Lessons Learnt Through the Development of an Application-specific Methodology for Metal Powder Characterization for Additive Manufacturing
Dr Martina Meisnar (European Space Agency, United Kingdom); Baker, S (European Space Agency, United Kingdom); Fowler, C (Science and Technology Facilities Council, United Kingdom); Pambaguian, L (European Space Agency, Netherlands); Ghidini, T (European Space Agency, Netherlands)

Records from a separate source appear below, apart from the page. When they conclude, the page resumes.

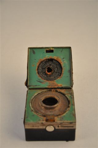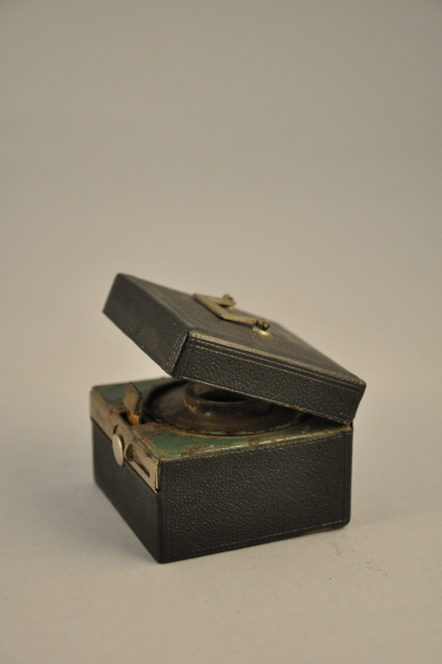 ENCRIER de VOYAGE "vanity case" pour la maréchaussée, de forme cubique en métal gainé de carton bouilli noir. Sous le couvercle à fermeture par ergot l'intérieur recèle le flacon encrier cylindrique en verre obturé.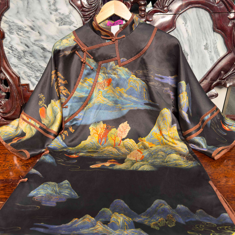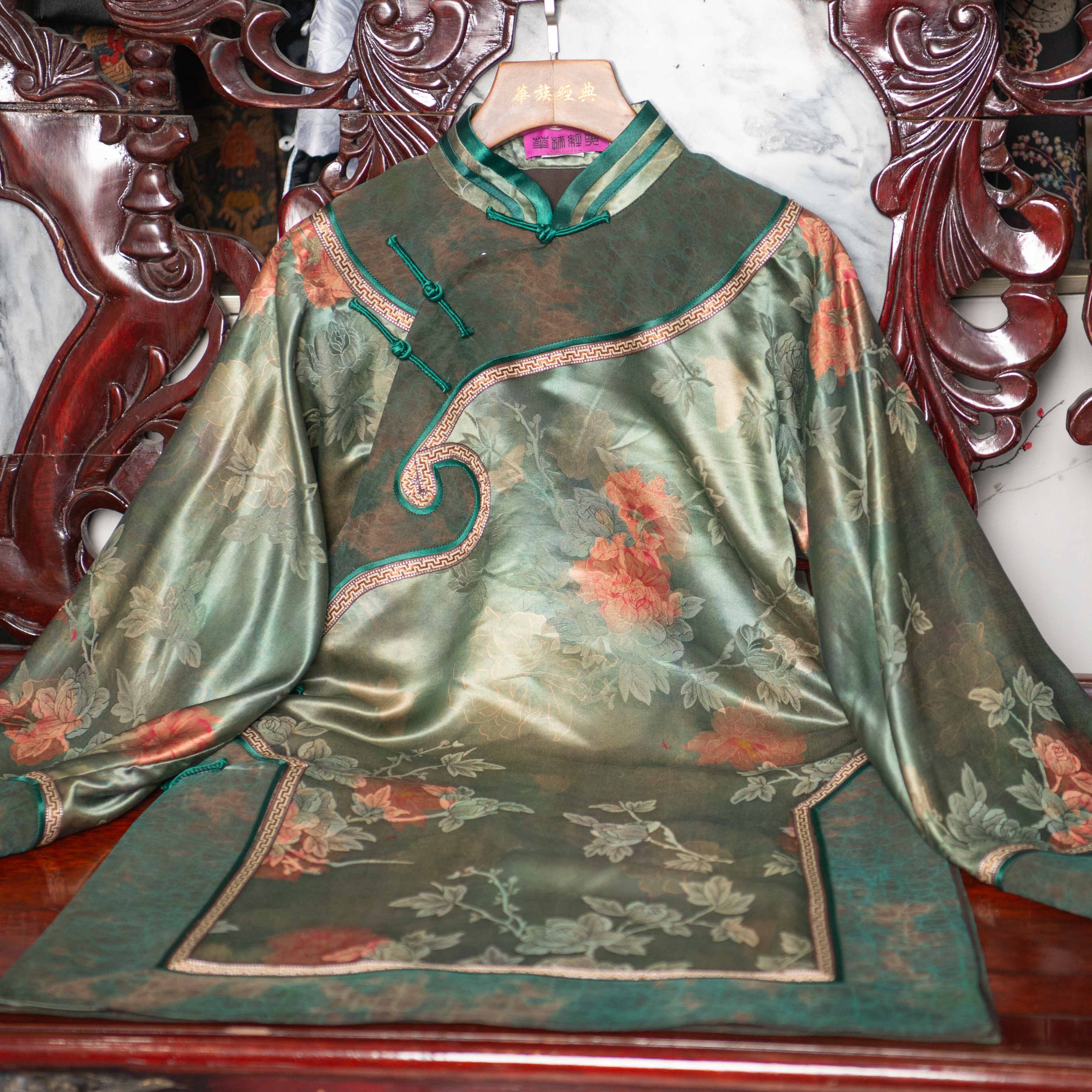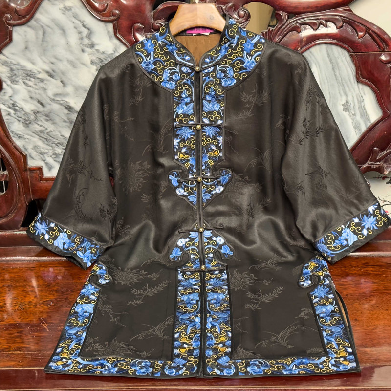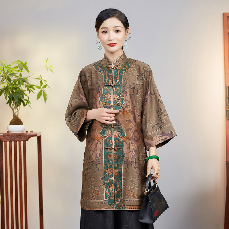 华族经典重缎香云纱国风高贵倒大袖盘扣太太服中长款上衣碧清池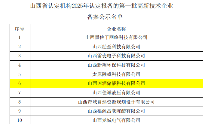 中國儲能網(wǎng)訊:12月8日,全國高新技術(shù)企業(yè)認(rèn)定管理工作領(lǐng)導(dǎo)小組辦公室發(fā)布了山西省2025年認(rèn)定報備高新技術(shù)企業(yè)備案公示,山西國潤儲能科技有限公司順利通過“國家高新技術(shù)企業(yè)”認(rèn)定,此次通過標(biāo)志著公司連續(xù)兩次獲得高企認(rèn)定,充分體現(xiàn)了國潤儲能在研發(fā)體系構(gòu)建、知識產(chǎn)權(quán)布局與成果轉(zhuǎn)化能力等方面持續(xù)獲得國家層面的認(rèn)可與支持。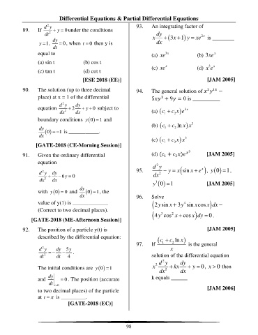 91. Given the ordinary differential (d) ( + ) [JAM 2005]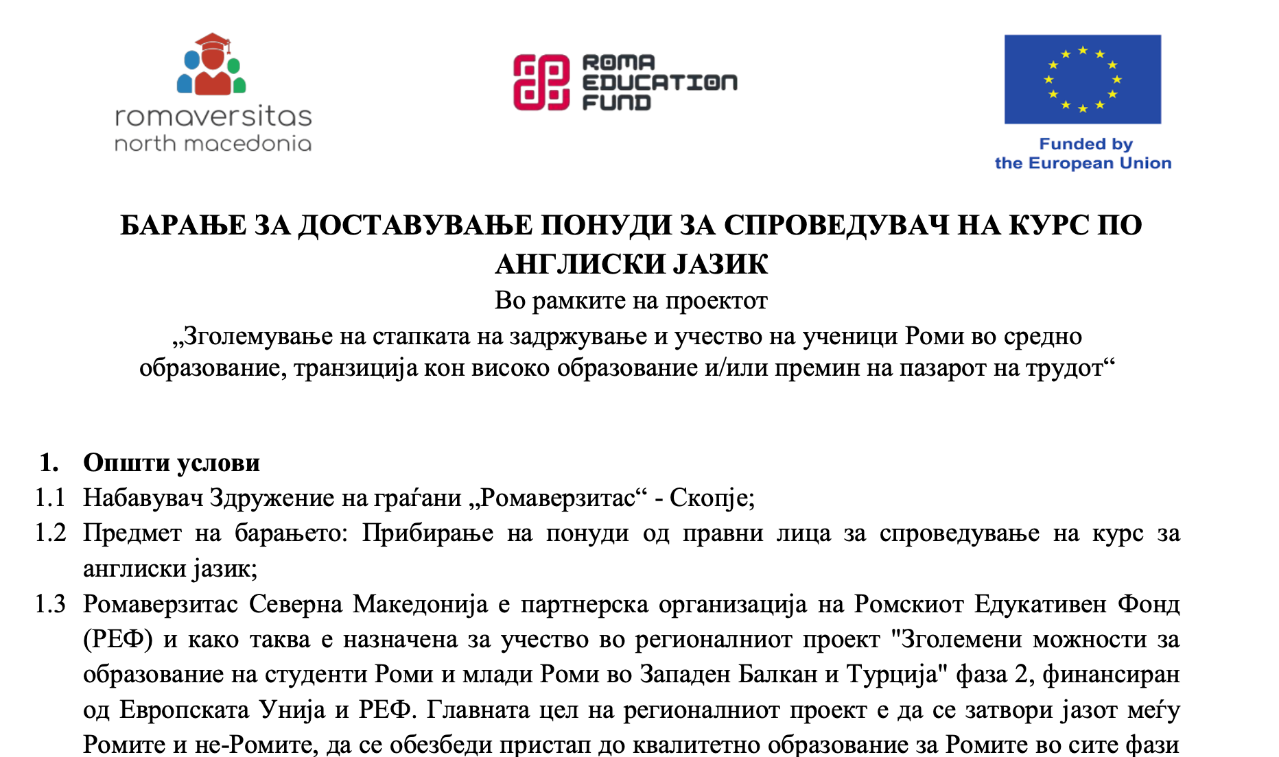 БАРАЊЕ ЗА ДОСТАВУВАЊЕ ПОНУДИ ЗА СПРОВЕДУВАЧ НА КУРС ПО АНГЛИСКИ ЈАЗИК Во рамките на проектот „Зголемување на стапката на задржување и учество на ученици Роми во средно образование, транзиција кон високо образование и/или премин на пазарот на трудот“.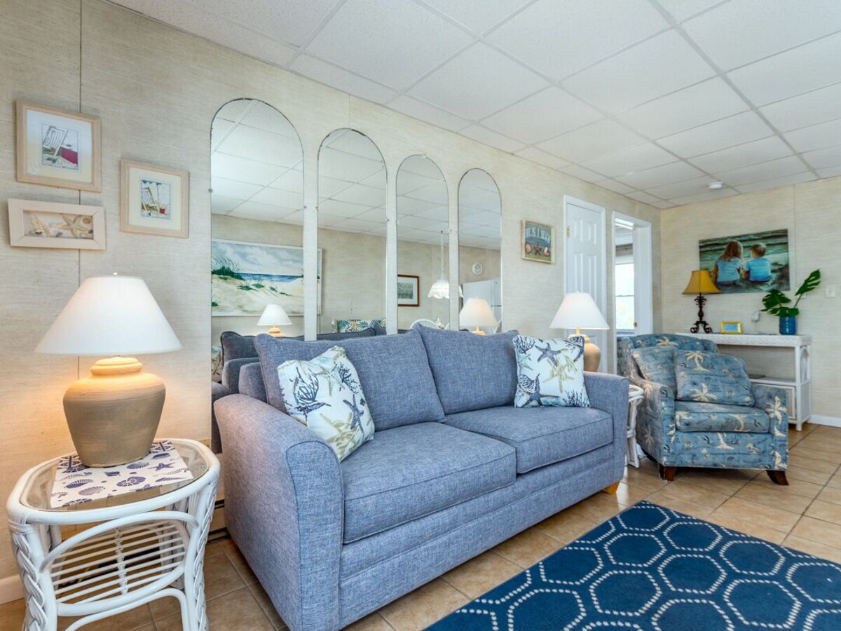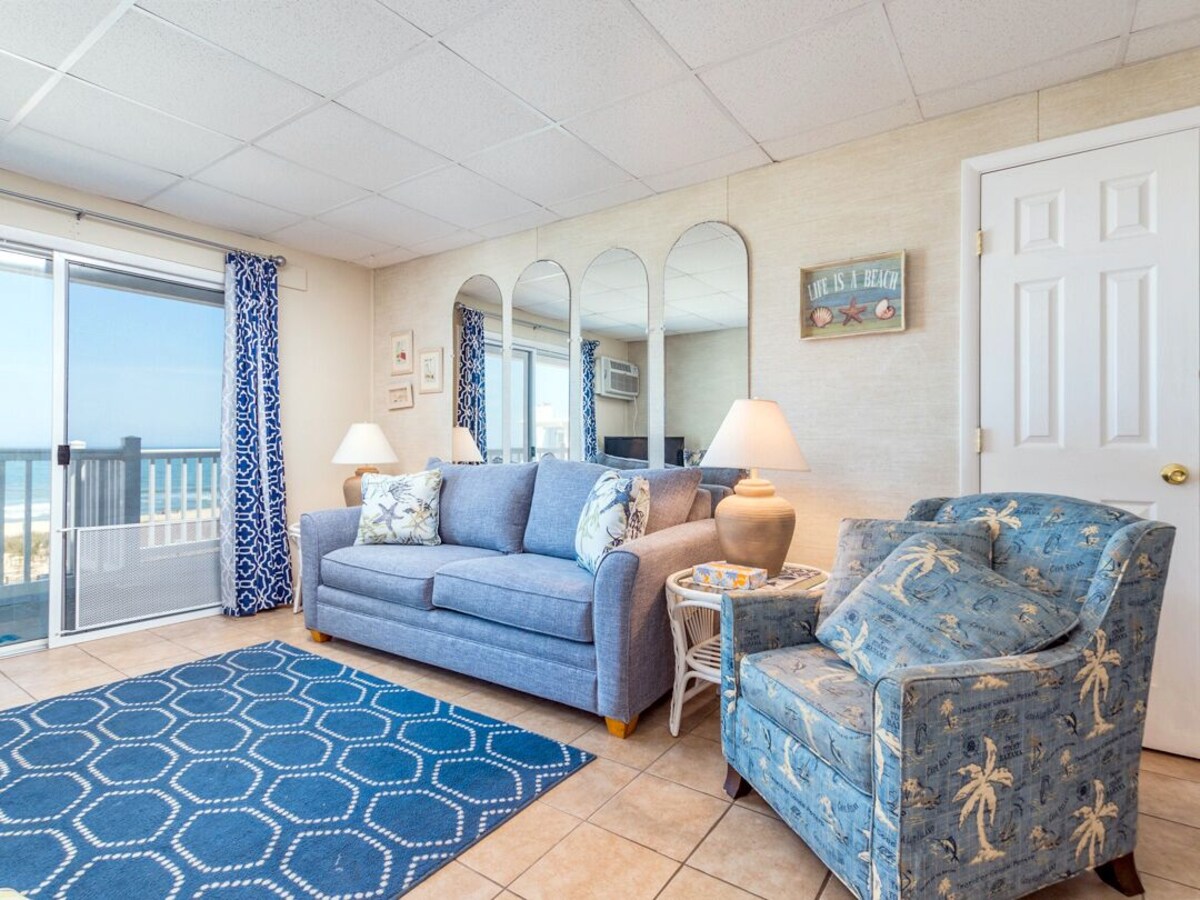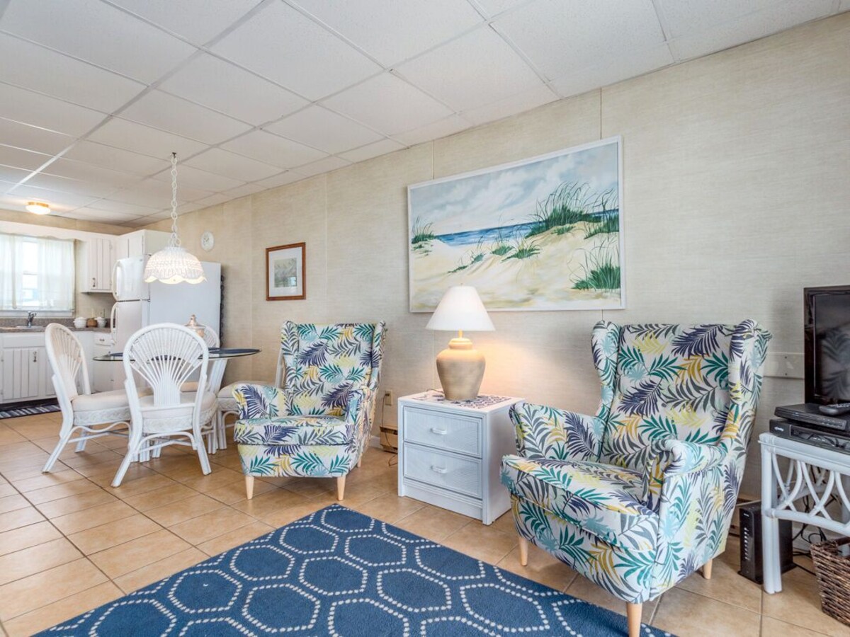 The Windjammer Condominiums located ocean front on 46th street offer that wonderful retro Ocean City feel providing the perfect setting for a memorable visit to Ocean City, Maryland. This 3rd floor walk-up one bedroom, one bath unit can sleep four with a queen in the bedroom and a queen sleeper sofa in the living area. A one-of-a-kind family vacation destination, each unit is individually owned and decorated offering the guest a unique feel and comfortable stay with direct beach access and ocean views. Enjoy the exclusive private sand patio for grilling, picnics and play, free WiFi, flat screen TVs. Our condos are stocked and ready for you with towels, linens, cookware and utensils. Don't pass up on the chance to stay at your home away from home at the beach! This unit permits up to two dogs, 50lb limit for one pet or 70 lb combined limit for two pets. There is an additional $35.00 per day pet fee. Although pets are allowed all season, absolutely no pets are permitted on the private sand patio courtyard. There is a designated pet area supplied with waste bags just a minute's walk away. An on-site laundry room is available for guests at no additional cost from 9am to 5pm. Non-Smoking/Non-Vaping Property owner does not permit group rentals to guests under the age of 21. Unit rents any 3 nights in season and any 2 off season. We make every effort to ensure the accuracy of our properties including photos, descriptions, pricing and amenities shown above. Although they are deemed reliable, they cannot be guaranteed. Please be advised we do not advertise any properties on Craig's list. If you see the content of our listings on Craig's list, it is not a legitimate advertisement from Central Reservations. Our prices include all fees. No hidden fees.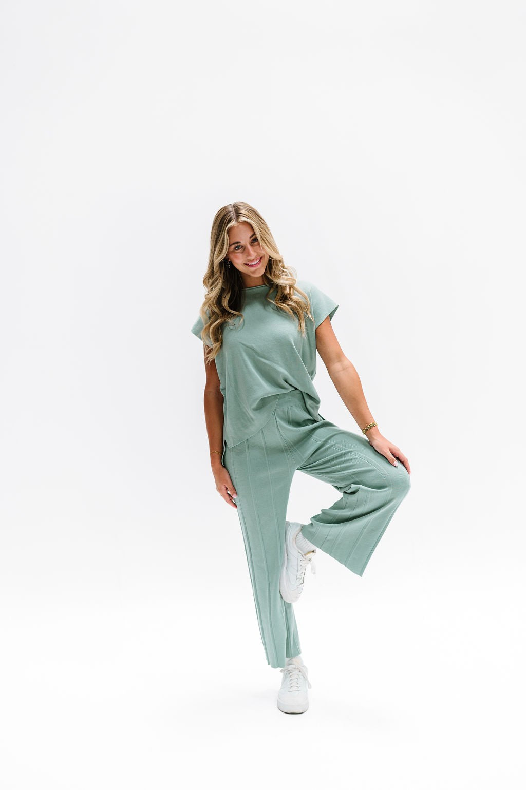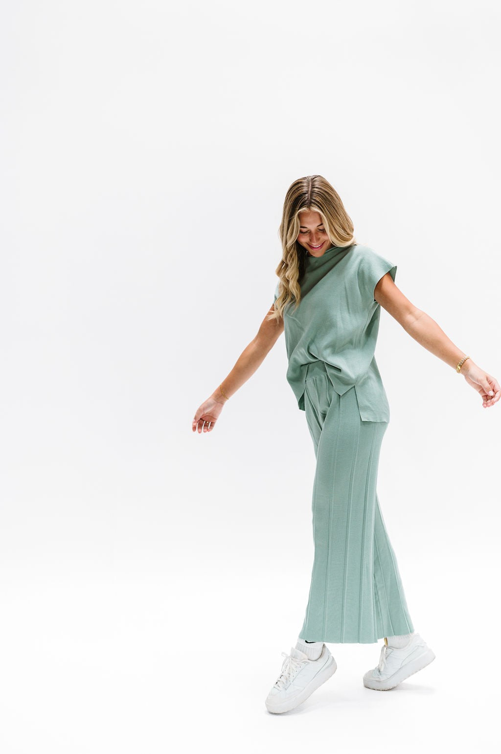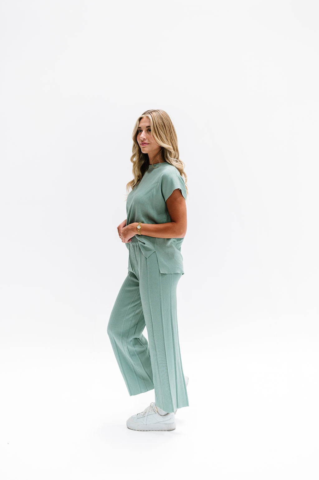 Introducing the ultimate lounge set for all! The Ashalia in Sage by Fehrnvi is the perfect mix of comfort and fashion. Made with lightweight material and pleated pants, this one-size-fits-most set will elevate your loungewear game. Say goodbye to uncomfortable loungewear and hello to the Ashalia Lounge Set!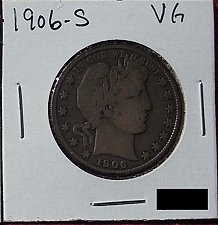 USA Coin Book Estimated Value of 1906-S Barber Half Dollar is Worth $59 in Average Condition and can be Worth $1,089 to $2,012 or more in Uncirculated (MS+) Mint Condition. Click here to Learn How to use Coin Price Charts . Also, click here to Learn About Grading Coins . The Melt Value shown below is how Valuable the Coin's Metal is Worth (bare minimum value of coin). Click here to see the Melt Value of every US Coin .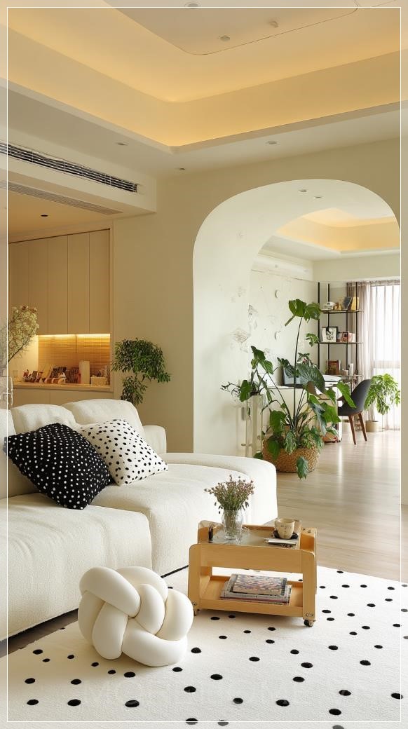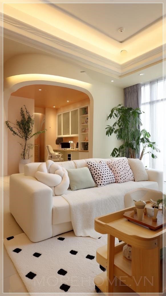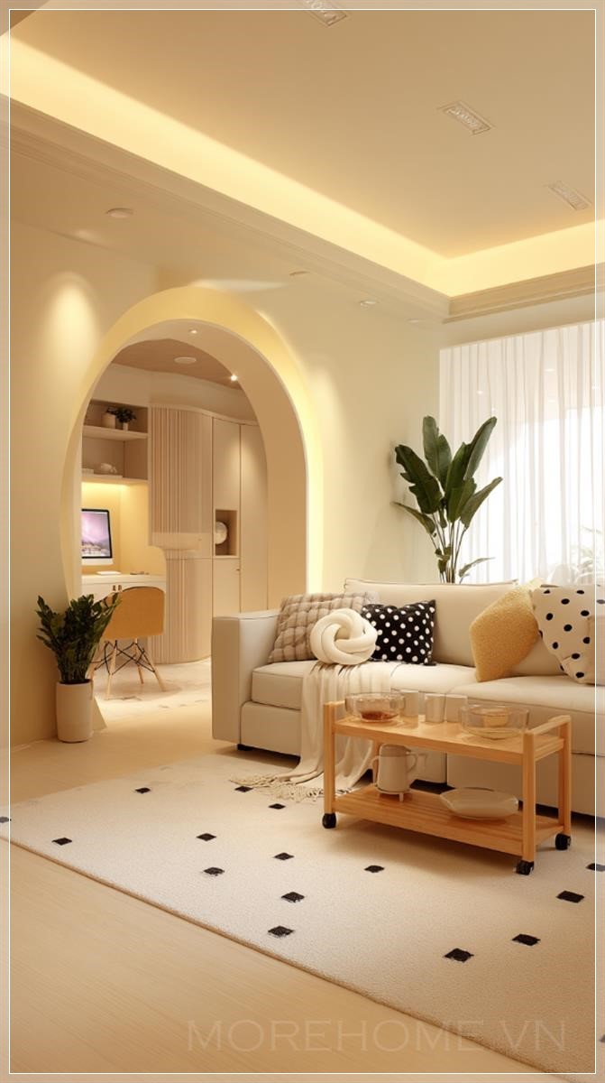 Phòng khách hiện đại ấm cúng với bảng màu kem mềm mại, nổi bật với một chiếc sofa bọc vải màu trắng ngà lớn, được trang trí với những chiếc gối ném vui nhộn, bao gồm kiểu chấm bi và nút thắt. Một chiếc xe trà bằng gỗ sáng được đặt trên tấm thảm trắng có họa tiết ô vuông đen, tạo điểm nhấn đồ họa. Ánh sáng cove gián tiếp chiếu sáng kiến trúc trần nhiều lớp, tạo ra ánh sáng dịu ấm. Một lỗ cắt trên tường cong trong không gian nội thất hé lộ một phần không gian làm việc liền kề với tủ bếp tông màu nhạt và bộ máy tính. Cây xanh trong chậu tăng thêm cảm giác tự nhiên và mời gọi. Shot với Canon 5D, ống kính RF 24-70mm, f11.

Additive manufacturing is gaining prominence in high-tech sectors such as aeronautics and space, which recognise the importance of having an in-depth knowledge of the material feedstock used to produce their parts. Recently, the European Space Agency has started to develop its own expertise on powder characterisation within its UK-based Advanced Manufacturing Laboratory, in close collaboration with the European Space Research and Technology Centre. In this paper, a detailed study on the testing methods for determining powder and particle properties will be presented as well as storage and recycling considerations. Currently recognized standard procedures for metal powder characterisation will be critically reviewed. The developed testing methodology will be illustrated on a variety of powder samples. This study is part of a broader initiative that aims to support the establishment of a healthy powder supply chain for additive manufacturing, ensuring reliable and consistent powder feedstock for the space sector.